DURHAM, N.C.--Duke University Medical Center researchers have identified a subset of patients with advanced breast cancer who had greater success than other patients treated with experimental high-dose chemotherapy followed by bone marrow transplant.
In a retrospective review of a previous Duke study of 425 patients, now with an average of six years' follow-up, of the 299 patients who had high-dose chemotherapy with transplant, those patients who had previously received hormone therapy with the drug tamoxifen, but had not previously received chemotherapy and had no tumors beyond the chest wall and lymph nodes were more likely to live longer than the other patients.

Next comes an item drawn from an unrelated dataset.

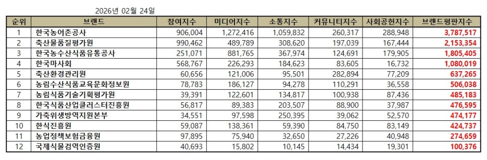 한국기업평판연구소 ( 소장 구창환 ) 는 국내 브랜드의 평판지수를 매달 측정하여 브랜드 평판지수의 변화량을 발표하고 있다. 2026년 2월 농림축산식품부 공공기관 브랜드평판지수는 2026년 1월 24일부터 2026년 2월 24일까지의 12개 농림축산식품부 공공기관 브랜드에 대한 빅데이터 분석 결과이다.

The findings of the Duke study, published in the October Journal of Clinical Oncology, can help physicians select which metastatic breast cancer patients might benefit most from aggressive therapy and suggest restructuring follow-up treatment for patients at high risk for recurrence or new spread of disease, according to the authors.
"Right now high-risk patients are followed with a symptom-based approach--if there's a problem or change in symptoms then tests are done to see why," said lead author Dr. David Rizzieri. "Instead, at-risk patients should be followed very closely, with routinely scheduled physical, radiographic and laboratory tests to catch recurrence early, before symptoms appear. We want to hit the disease early, and hit it hard."
Because of its greater toxicity and a dearth of clinical trials comparing it to
standard treatments, high-dose chemotherapy with bone marrow transplant is a
controversial treatment for breast cancer patients. Nevertheless, many patients
have been demanding the treatment, believing it to be their last hope.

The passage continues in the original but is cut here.